To the best of our knowledge, perfusion systems further enhance hepatocyte function under dynamic culture conditions compared to that observed under static culture [
36]. In the current study, patterned fibers and microfluidic chips were able to recapitulate cellular microenvironments in vitro on a microscale. Patterned fibers in the perfusion system provided ample adhesive sites and secure shields for hepatocytes to endure shear stress, and the cell arrangement could be easily manipulated and formed spheroids. Accordingly, the albumin and urea secretion for all dynamic culture groups exhibited higher yields than those obtained during static culture (
Figure 5). Such marked maintainability is likely explained by the higher cell vitality and number of hepatocyte spheroids arising under dynamic culture. Bile canaliculi formation represents one of the key phenotypes of hepatocyte polarization, ensuring the efficient polarized transport of hepatic tissues. Compared to hepatocytes cultured under the static system, functional bile canaliculi networks were obviously present in the hepatocyte spheroids formed under dynamic culture [
37]. Especially under the flow rate of 10 μL/min, bile canaliculi were well-developed, and the respective hepatocytes formed multiple junctions within spheroids. The ultrastructures of such bile canaliculi have been shown to facilitate the diffusive delivery of culture media to the center of hepatic spheroids, which is an important parameter affecting cell morphology, function, and physiological responsiveness [
38]. Therefore, the patterned fibrous mat-based microfluidic chip likely represents a useful tool for fundamental studies of hepatic functions in physiological conditions and in more complex drug-transport studies.
Based on previously studies, exposure to 120 μg/mL Ag NPs was used to model nanoparticle toxicity in order to test the sensitivity, consistency, and feasibility of the system [
39]. Owing to the well-maintained metabolic functions of hepatic spheroids, cells under dynamic culture exhibited higher sensitivity to Ag NP-induced toxicity than those grown under static conditions on both day 7 and day 15 (
Figure 7).
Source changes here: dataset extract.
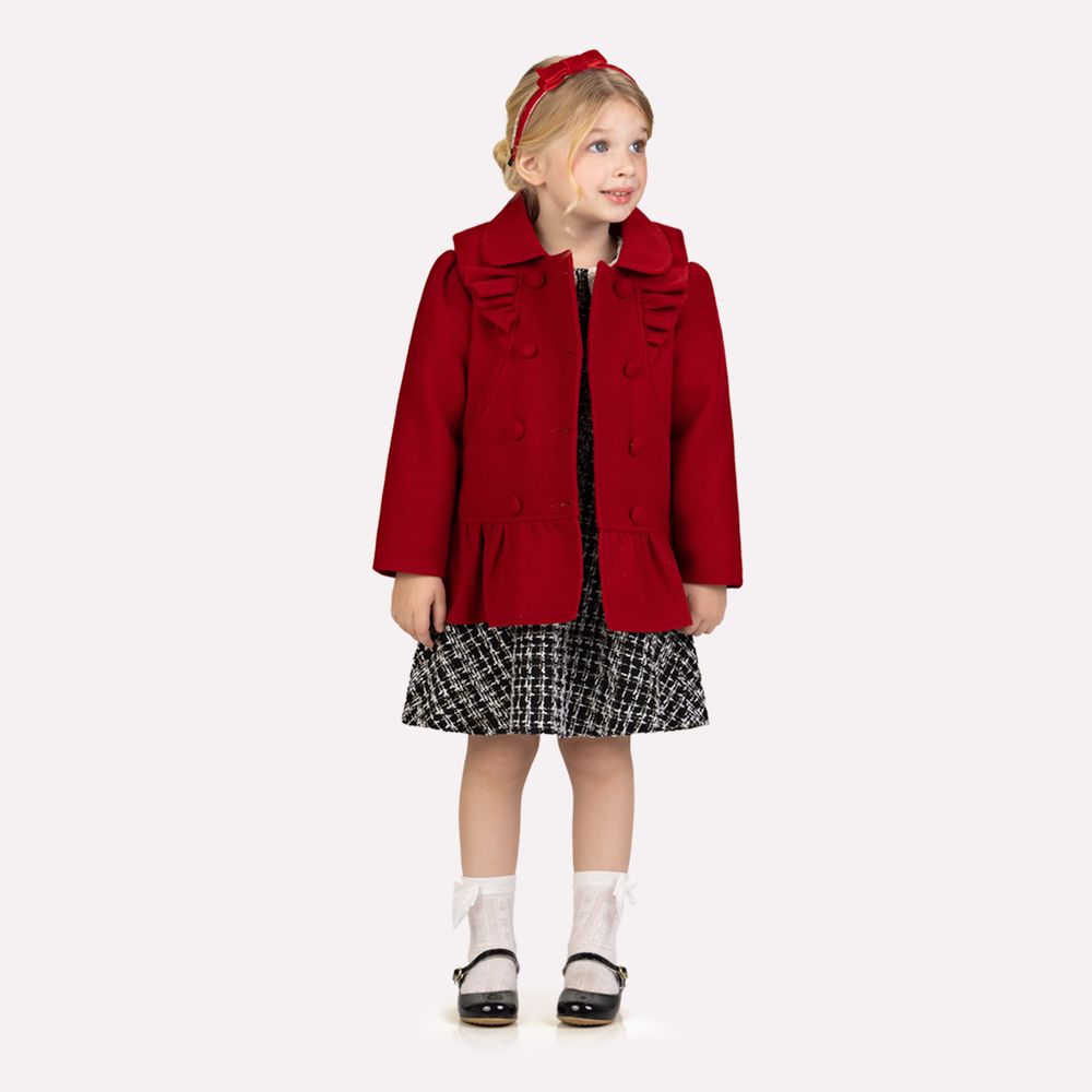Confeccionada em trench coat de tweed 100% poliéster, a peça apresenta textura elegante e estrutura refinada que valoriza o visual da menina. A modelagem levemente acinturada proporciona um caimento harmonioso no corpo, enquanto o forro interno 100% algodão garante toque macio e conforto durante o uso.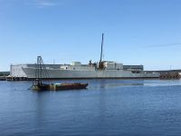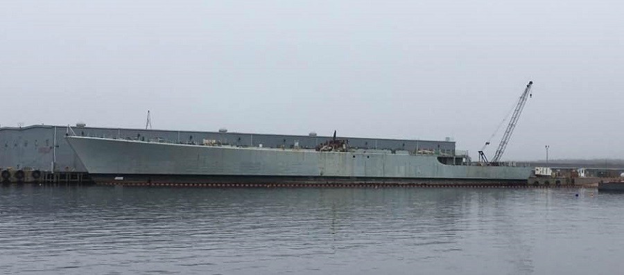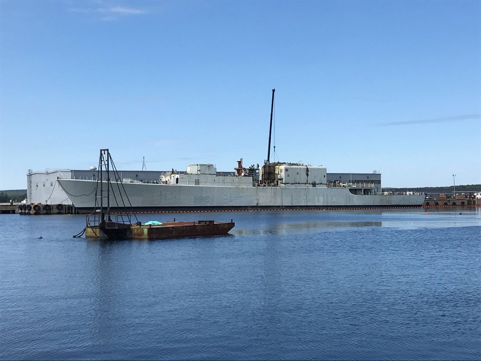 (IRO211) The breaking up of the former HMCS IROQUOIS 280 is underway at Liverpool, NS - 24 Aug 2017 (IRO212) The breaking up of the former HMCS IROQUOIS 280 at Liverpool, NS - 23 Sep 2017. The hull is all that remains after being stripped of her gun, bridge and hanger. // Courtesy of Jocelyn Josh Naud

It has been extensively reported that sphere-shaped hepatic clusters are not only able to mimic the original morphology of the liver, but also provide functional hepatocytes in vitro [
40]. Notably, the hepatocytes grown in the platform utilized in the current study could form physiologically relevant spheroids, potentially allowing the extension of the current level of cytotoxicity assessment from the cellular to the tissue level thereby reducing prediction error and improving prediction accuracy. In addition, following the treatment of hepatocytes with Ag NPs for 24 h, approximately 50% of the cells grown under perfusion culture had died. This phenomenon was similar to previous findings such as those by Firouz et al., who reported an Ag NPs IC
50 value (the nanoparticle concentration causing 50% cell death) of 121.7 µg/mL [
20]. Furthermore, the viability of hepatocytes under the flow rate of 10 μL/min after Ag NP treatment on day 7 and day 15 was similar, indicating that this flow rate achieved consistent, reliable, and high predictive values, and that it also extended the functional period up to 15 days. In contrast, hepatocytes under other growth conditions exhibited highly variable cell viability results at these time points following Ag NP treatment. Overall, however, hepatocytes that exhibited lower functioning on day 15 appeared to be more vulnerable to Ag NP-induced toxicity than those with poor function at 7 days (
Figure 7), likely because of the absence of key physiological processes such as the transport of NPs via homotypic cell–cell interactions [
41]. These results demonstrate the feasibility of hepatocytes cultured in this system as a potential in vitro testing model for the prediction of nanotoxicity, although further cellular and molecular investigations would be needed for a better understanding of the underlying mechanisms.